# Collected material

-- -- --

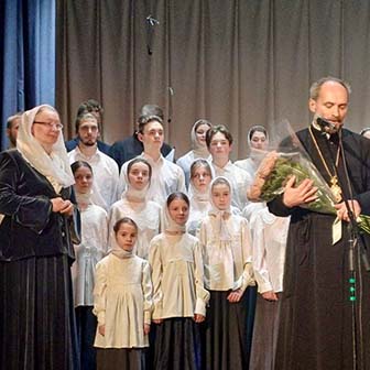 В завершение в исполнении певчих всех поколений прозвучал "Гимн собора Владимирской иконы Божией Матери" - первая композиция, написанная Ириной Болдышевой для этого хора.
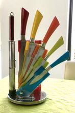 De messenset bestaat uit 5 messen ( incl hakmes) en een slijpstaaf, dit alles op een draaibare standaard. Levendige kleurtjes. Van het met swiss line switserland. De handvaten hebben gebruiksporen, zi
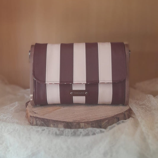 Mini sac bois et alter-cuir de raisin bordeaux et sable 150
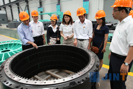 總經(jīng)理Vien(圖左一)率領(lǐng)的團(tuán)隊(duì)對(duì)加強(qiáng)型回轉(zhuǎn)支撐贊不絕口

-- -- --

Where the line containing "Mini sac bois" appears above, start there and set down each line exactly through the last line of the data; leave out every picture.

 Mini sac bois et alter-cuir de raisin bordeaux et sable 150
 總經(jīng)理Vien(圖左一)率領(lǐng)的團(tuán)隊(duì)對(duì)加強(qiáng)型回轉(zhuǎn)支撐贊不絕口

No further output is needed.